После обеда Даффи и Вик стояли на террасе и дышали опасным воздухом.
— Мне нравятся эти красные цветы, — вежливо сказал Даффи.
— Да, они очень милые, эти красные цветы, — ответил Вик, — но я тоже не знаю, как они называются. Там полным-полно этих… шершней.
— Шмелей, — авторитетно поправил Даффи.
— Пчёл.
— Ос? Мух?
— Про себя ты, вероятно, хихикаешь над всем, что здесь происходит, верно?
— Что ты собираешься делать с миссис Колин?
— Миссис Колин? Я как-то об этом не думал. Это решать Белинде. Думаю, ей придётся уйти. Это ведь первое правило, когда нанимаешь людей, верно?
— Не знаю.
Если б это было первым правилом, Вик точно так же мог бы уволить и Хардкаслов. Даффи подумал, стоит ли упоминать о пристрастии Рона к розовому шампанскому; ещё он подумал о том, куда Рон припрятал свой запас. Вряд ли он мог выпить его за это время.
— Дай мне денёк-другой на это дело.
Вик ухмыльнулся.
— А оно тебе нужно? Пропавшие ложки, которые всё равно нашлись, и есть преступник, которому грозит максимум две недели ареста. Мне кажется, это не совсем твой профиль.
— Может, мне удастся повесить это на Джимми.
— Ну да. Ещё выпиши ему штраф за нарушение правил парковки. Короче, я не понимаю, что ты до сих пор здесь делаешь, Даффи.
— Сержант Вайн велел всем нам оставаться на месте, верно? А ты платишь мне посуточно, так?
— Неужели?
— Давши слово, держись.
— Эти красные… может, это сальвии, как думаешь?
— Может, и так. А может, и нет.
— Ну-ну.
Помещавшаяся в мансарде комнатка миссис Колин была на удивление голой, хотя непонятно было, всегда ли она выглядела именно так, или это оттого, что миссис Колин уже собрала свои вещи.
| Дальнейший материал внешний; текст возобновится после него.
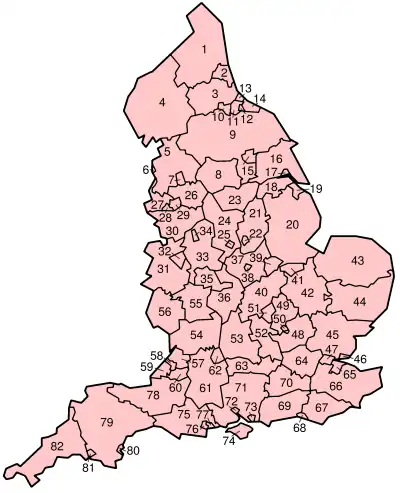 L'Angleterre est actuellement découpée en 82 comtés ou équivalent :
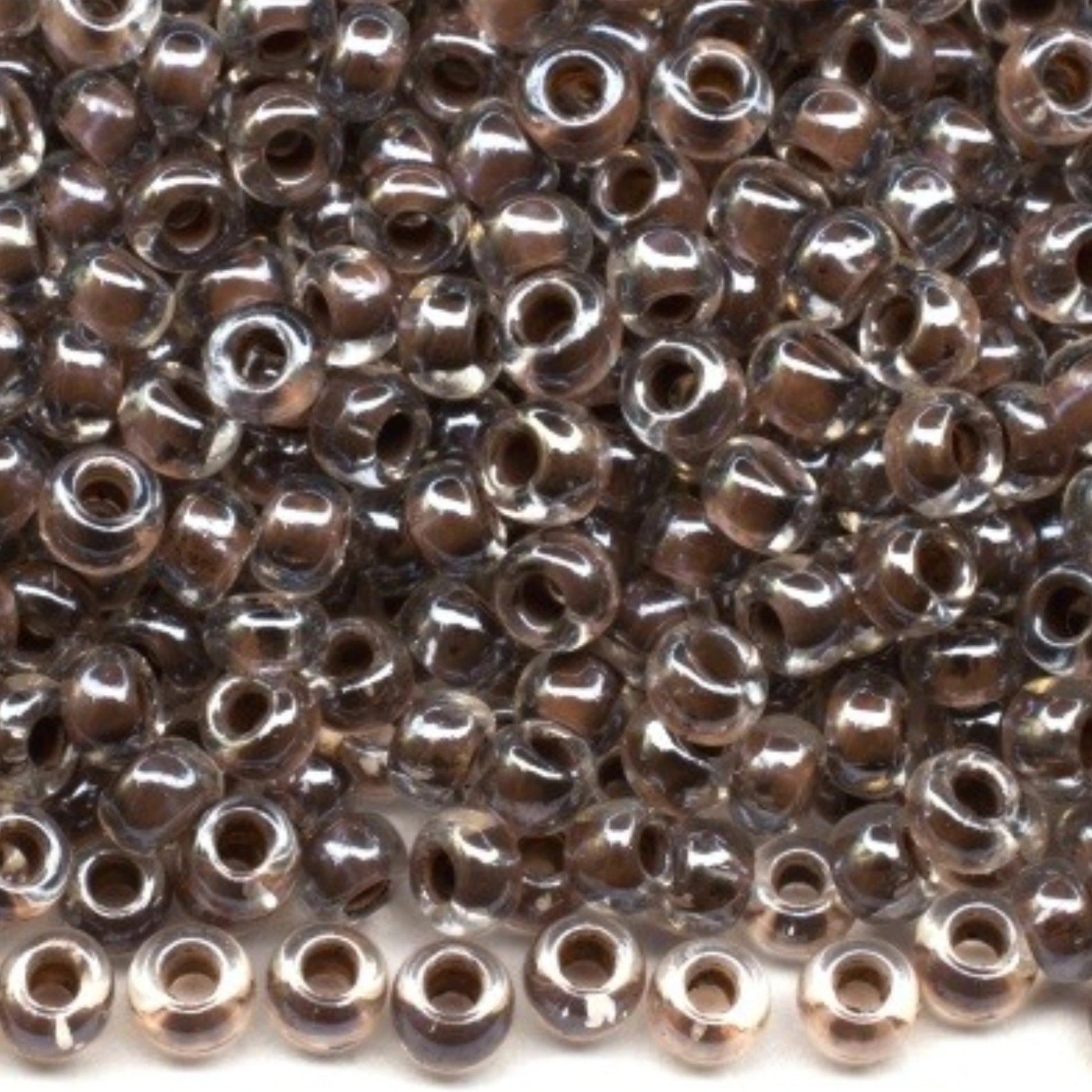 10/0 38618 Preciosa tjekkiske glasperler Rocailles 2,3 mm. Krystalfarvet med brun inderside Sfinx.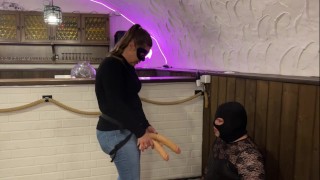 Herrin trainiert Sissy, Strapon 40cm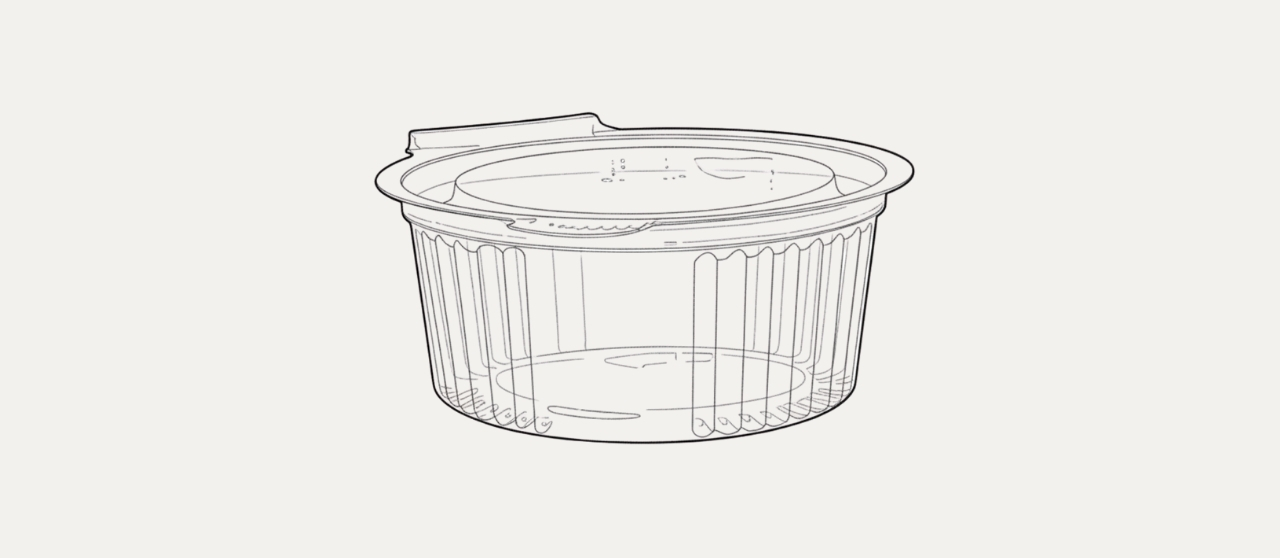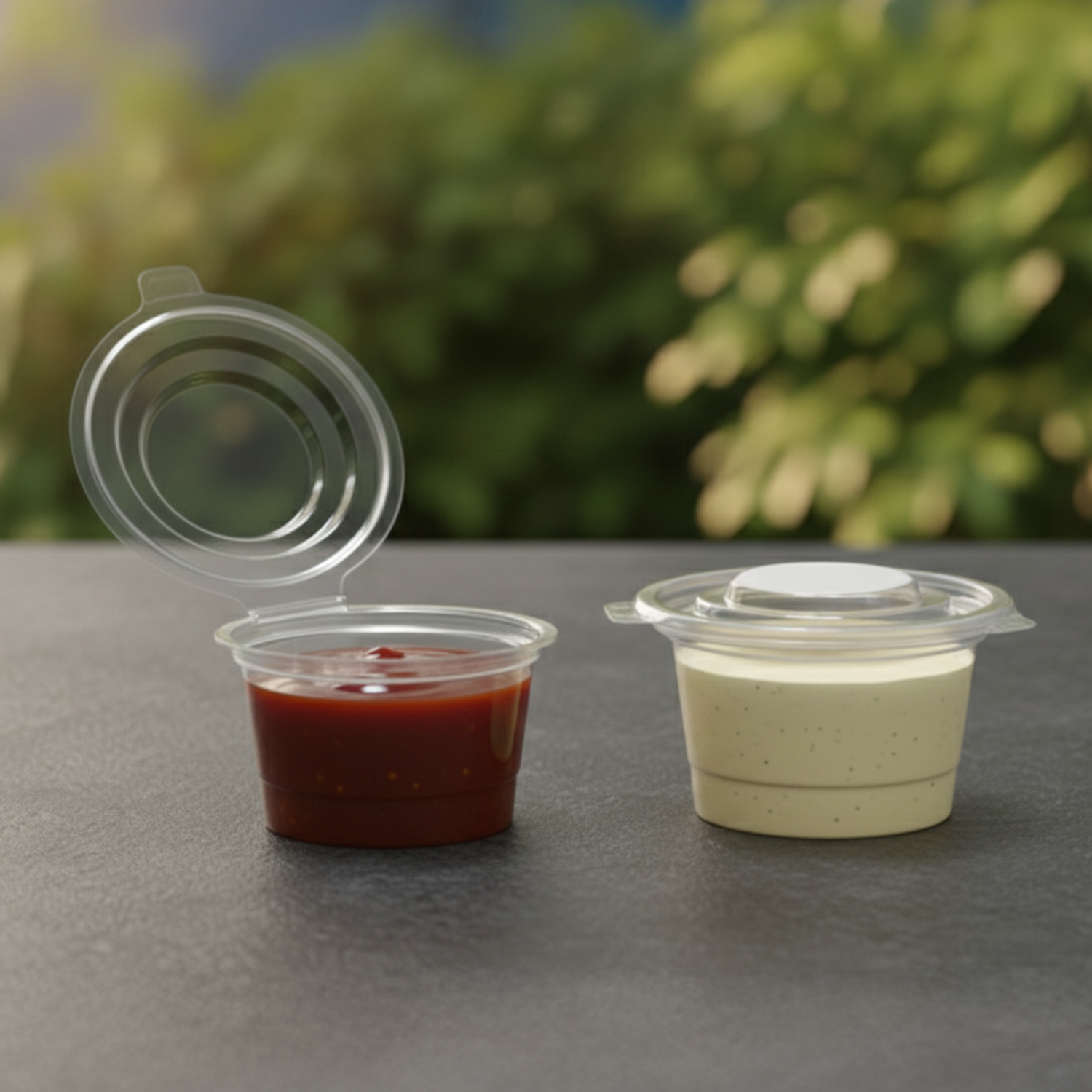 Transparent PET cups for sauces and condiments.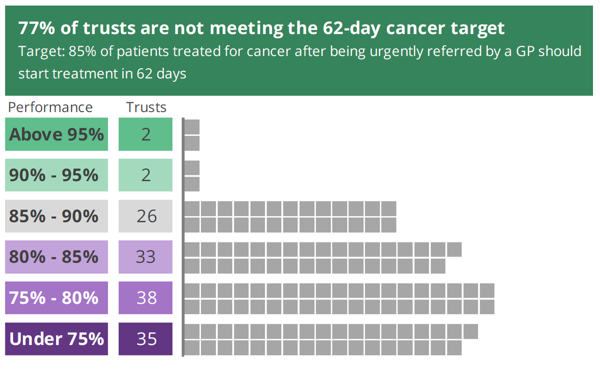 @FDRLST @NHSuk Another target not being met: @NHSuk says that urgent cancer patients should start treatment within 62 days (two months) of a referral. Over three-quarters of NHS trusts aren't meeting this target... 6/ Image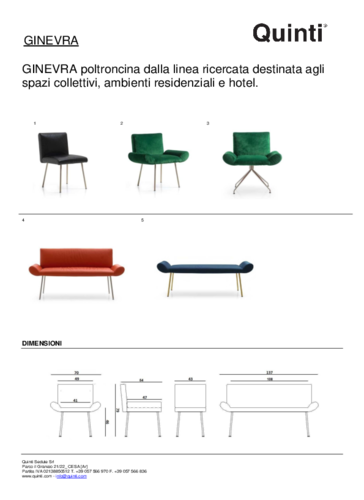 Řada GINEVRA nabízí čalouněné židle, sedačky i lavice, které se vyznačují měkkými a sofistikovanými tvary, vhodnými pro společenské, obytné i hotelové prostředí. Díky svým kompaktním rozměrům, designu područek a možnosti přizpůsobení jsou produkty kolekce vždy elegantní a na úrovni. Skvěle se mezi sebou kombinují a vytvářejí z obyčejného prostoru luxusní koutek italské elegance. O tuto jedinečnou řadu se pro společnost Quinti zasloužil renomovaný designér Roberto Baciocchi.

Над кроватью висело маленькое распятье, на стене — зеркало, лежала кучка журналов, которые миссис Колин извлекала из корзин для бумаг; ещё была там цветная фотография в рамочке: Давао, какие-то люди на чьём-то дне рождения пьют пиво «Сан-Мигель».
— Вы не возражаете? — нерешительно спросил от двери Даффи.
Миссис Колин была вся в слезах, но она знаком разрешила ему войти и показала на маленький стульчик. Даффи не был уверен, как она воспримет, если он закроет дверь; несколько мгновений он колебался, потом твёрдой рукой затворил её. Да, пожалуй, это правильное решение.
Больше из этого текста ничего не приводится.